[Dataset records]
◇ ◇ ◇ ◇

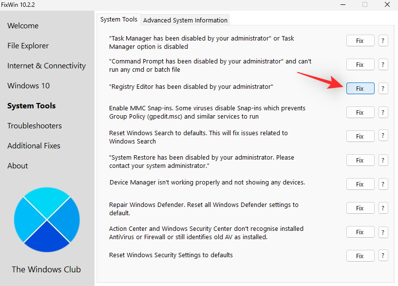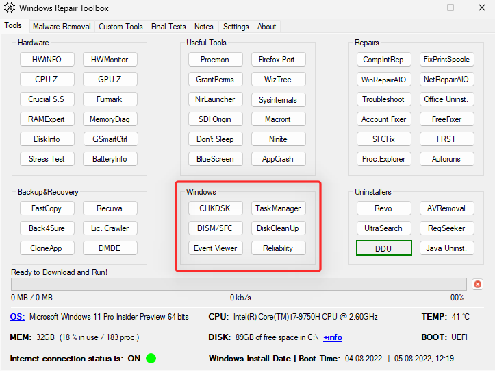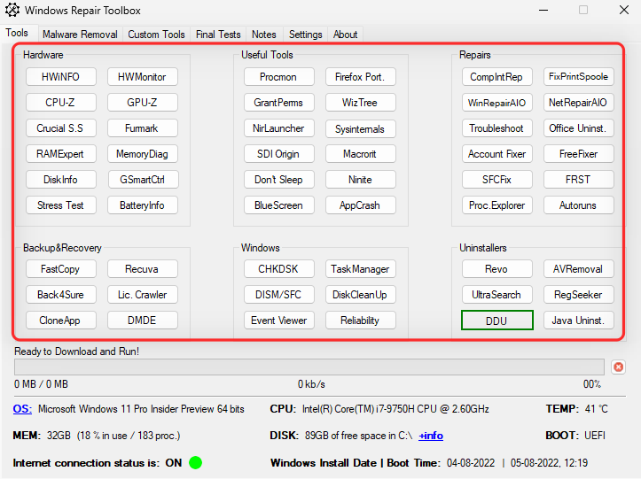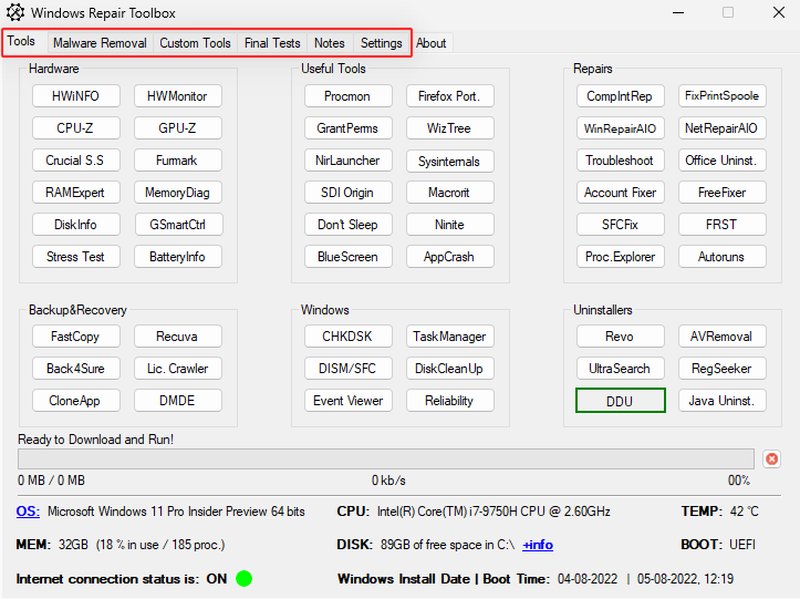 Windows 修复工具箱附带各种内置修复程序以及可进一步用于解决系统问题的工具链接。根据您面临的问题,第一页将帮助您找到大多数第三方工具。
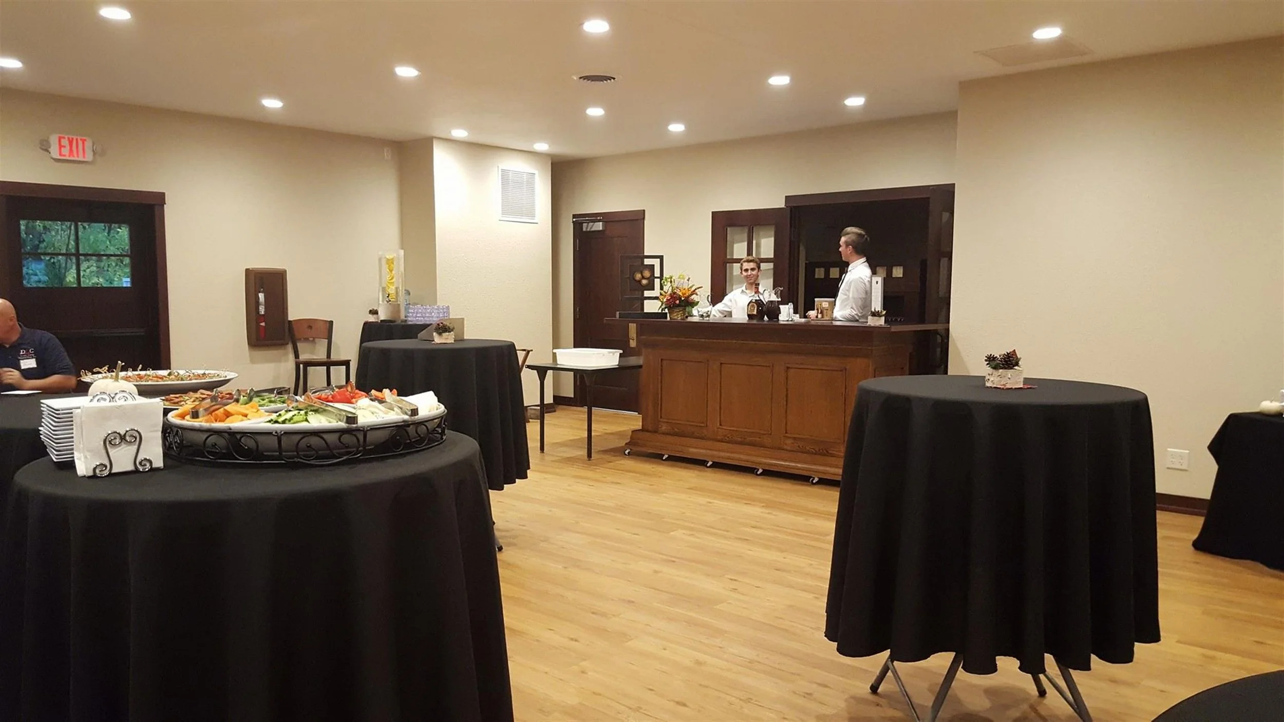 A presentation area and serving area can be incorporated. A "living room" and board-game room available for smaller gatherings or to expand the available space for the large-space gathering. Cash bar options available.
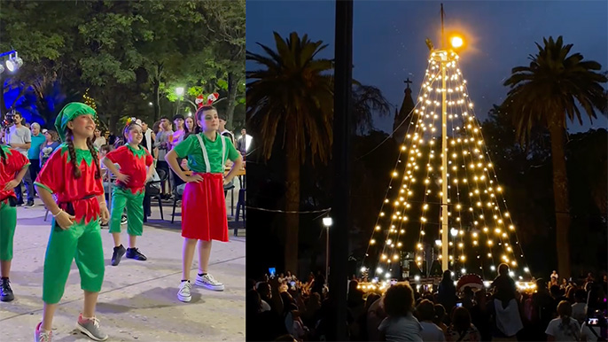 La jornada abrió con la feria de artesanos y la oferta de gastronomía local, que le dieron color y movimiento a la plaza. Luego, el Coro Estable Municipal presentó una selección de villancicos que acompañó el momento central de la noche: la iluminación del arbolito, que fue celebrada con aplausos y emoción por las familias presentes.
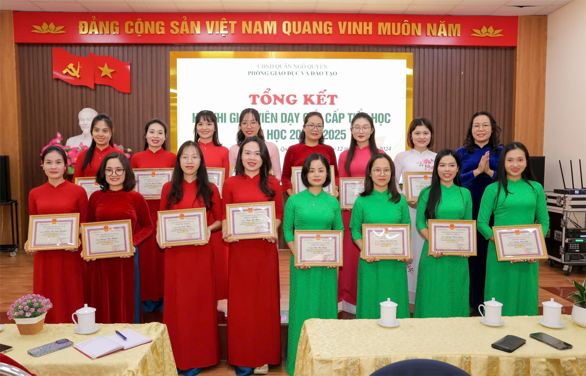 Tham gia Hội thi, mỗi thầy cô giáo đã thực hành 01 tiết dạy và báo cáo 01 biện pháp nâng cao chất lượng giảng dạy đã được áp dụng có hiệu quả trong thực tế. Trường Tiểu học Chu Văn An vinh dự khi có Cô giáo Đoàn Thị Bích Ngọc - GVCN lớp 1A9- đã xuất sắc được Trưởng phòng Phòng GD&ĐT Quận Ngô Quyền tặng Giấy khen và biểu dương tại buổi Tổng kết vì có thành tích vượt trội ở cả hai nội dung thi. Xin chúc mừng và nhiệt liệt biểu dương 06 cô giáo của nhà trường đã thể hiện tốt các nội dung thi và được công nhận giáo viên dạy giỏi cấp Quận năm học 2024-2025:
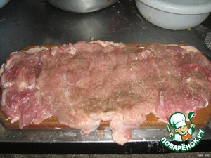 Вдоль спинки прорезаем кожу и отделяем мясо с кожей от костей.
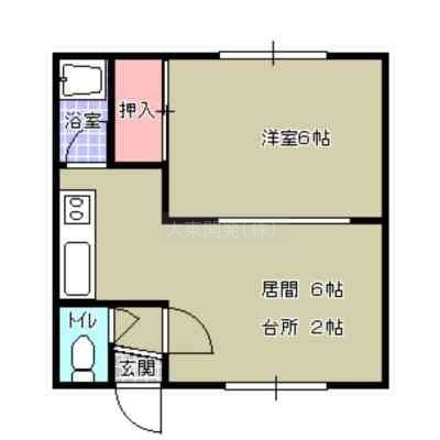 1DK└ L6帖 K2帖 洋室6帖 / 6x6x2K
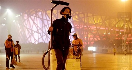 Brother Nut isimli sanatçı Çin'in kirli havasına dikkat çekmek amacı ile 100 gün boyunca Beijing sokaklarında elektrikli süpürge ile dolaştı.
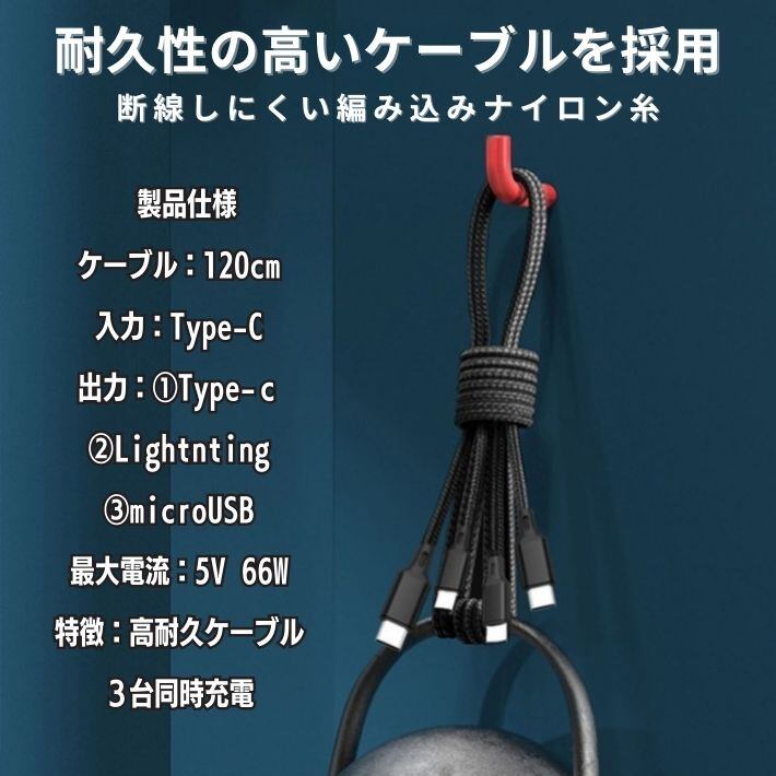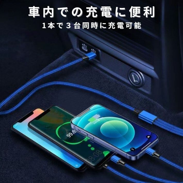 3in1 充電 ケーブル 5A急速充電 同時 充電 充電コード Type-C 充電ケーブル iPhone 高耐久ケーブル USB充電ケーブル 車内充電 テレワーク ライトニングケーブル Type-C マイクロusb iOS Android 同時充電 iPad Macbook 断線 しにくい 1.2m おしゃれ
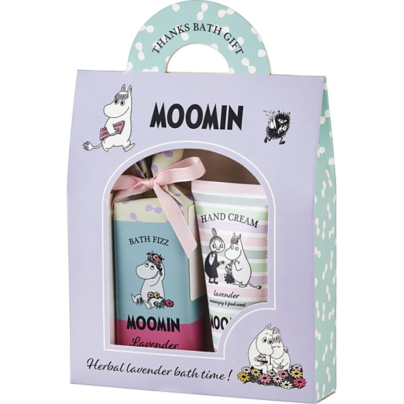 発泡タイプの入浴料とシアバター、ホホバオイル配合のハンドクリームのセット。ムーミン谷の仲間とリラックスタイムをお届けします。ラベンダーの香り
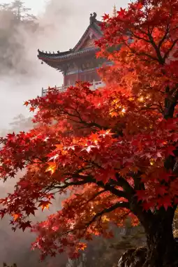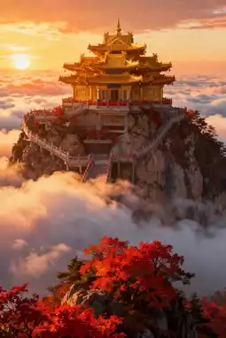 - Pentagonal Maple Forest — Early autumn’s tender leaves glow like rosy clouds, turning into a mix of orange and gold in late autumn. The crystal-clear palmate leaves complement the flying eaves of the Taoist temples, creating picturesque scenes perfect for immortal fantasy shots.

◇ ◇ ◇ ◇

• What is being asked: Word for word and without pictures, please write out only the lines from the start of the entries through the line containing "A presentation area", both included.

• Answer to the exercise:
 Windows 修复工具箱附带各种内置修复程序以及可进一步用于解决系统问题的工具链接。根据您面临的问题,第一页将帮助您找到大多数第三方工具。
 A presentation area and serving area can be incorporated. A "living room" and board-game room available for smaller gatherings or to expand the available space for the large-space gathering. Cash bar options available.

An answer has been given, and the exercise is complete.